ACTIVITY
Could you copy exactly the lines below from the one with "Tire skid marks" to the one with "Introducing the Marigold", inclusive, leaving out any pictures?

TASK INPUT
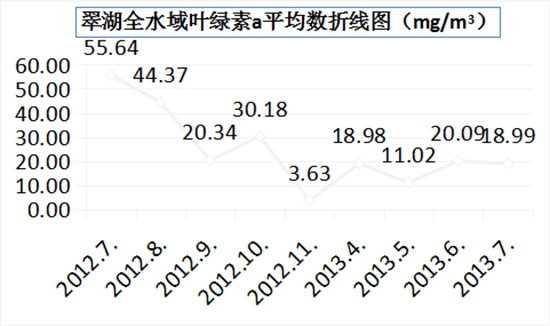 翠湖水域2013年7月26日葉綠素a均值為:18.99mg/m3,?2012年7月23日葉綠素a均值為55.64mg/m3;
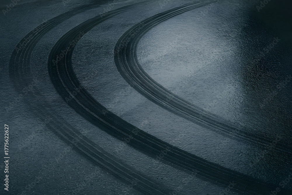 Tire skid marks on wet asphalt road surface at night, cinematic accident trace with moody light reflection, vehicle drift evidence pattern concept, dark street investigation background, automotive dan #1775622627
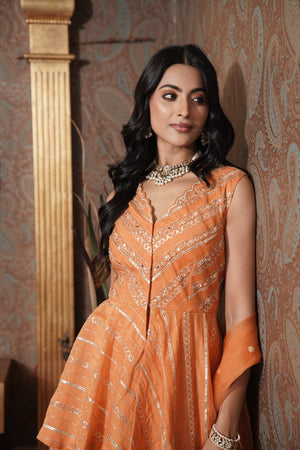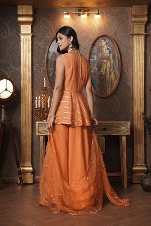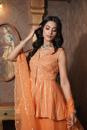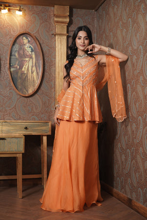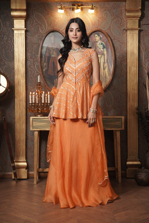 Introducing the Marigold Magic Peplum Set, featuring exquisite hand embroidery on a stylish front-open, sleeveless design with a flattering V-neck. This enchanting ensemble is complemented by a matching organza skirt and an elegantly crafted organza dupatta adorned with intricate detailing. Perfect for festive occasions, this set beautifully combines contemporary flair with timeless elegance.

---

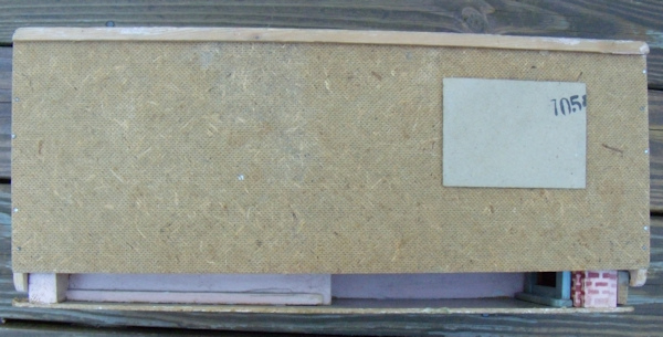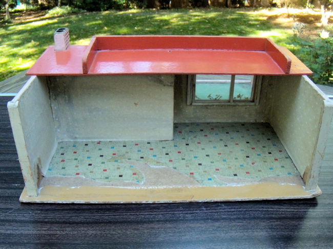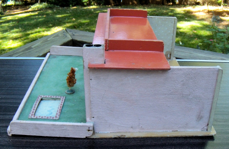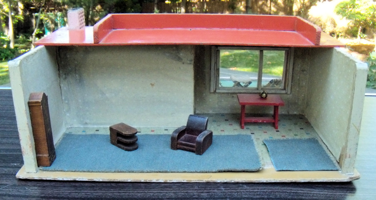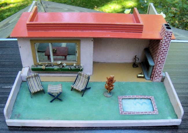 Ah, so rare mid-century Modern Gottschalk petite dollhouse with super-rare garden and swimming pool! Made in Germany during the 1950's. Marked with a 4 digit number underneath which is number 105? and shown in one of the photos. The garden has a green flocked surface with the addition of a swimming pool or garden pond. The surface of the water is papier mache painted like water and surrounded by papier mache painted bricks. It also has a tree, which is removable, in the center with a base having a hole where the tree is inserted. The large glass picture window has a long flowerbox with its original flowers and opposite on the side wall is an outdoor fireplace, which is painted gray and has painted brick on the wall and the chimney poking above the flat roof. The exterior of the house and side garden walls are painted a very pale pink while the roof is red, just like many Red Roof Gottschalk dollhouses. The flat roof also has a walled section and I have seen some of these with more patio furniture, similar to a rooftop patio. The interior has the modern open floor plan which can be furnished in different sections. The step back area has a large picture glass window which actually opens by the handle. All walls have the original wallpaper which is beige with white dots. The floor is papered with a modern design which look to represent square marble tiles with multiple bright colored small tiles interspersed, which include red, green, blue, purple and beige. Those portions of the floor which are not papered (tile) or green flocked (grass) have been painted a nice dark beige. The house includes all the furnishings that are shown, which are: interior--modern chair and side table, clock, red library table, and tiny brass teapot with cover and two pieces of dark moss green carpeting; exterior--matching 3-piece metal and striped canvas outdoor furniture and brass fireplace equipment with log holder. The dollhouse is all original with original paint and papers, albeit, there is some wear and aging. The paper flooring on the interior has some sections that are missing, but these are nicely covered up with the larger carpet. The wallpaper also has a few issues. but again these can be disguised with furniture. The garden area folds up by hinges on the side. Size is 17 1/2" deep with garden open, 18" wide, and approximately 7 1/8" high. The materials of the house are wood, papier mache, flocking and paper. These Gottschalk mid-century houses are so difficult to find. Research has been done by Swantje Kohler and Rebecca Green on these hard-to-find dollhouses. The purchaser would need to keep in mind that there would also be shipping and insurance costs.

RESULT
 Tire skid marks on wet asphalt road surface at night, cinematic accident trace with moody light reflection, vehicle drift evidence pattern concept, dark street investigation background, automotive dan #1775622627
 Introducing the Marigold Magic Peplum Set, featuring exquisite hand embroidery on a stylish front-open, sleeveless design with a flattering V-neck. This enchanting ensemble is complemented by a matching organza skirt and an elegantly crafted organza dupatta adorned with intricate detailing. Perfect for festive occasions, this set beautifully combines contemporary flair with timeless elegance.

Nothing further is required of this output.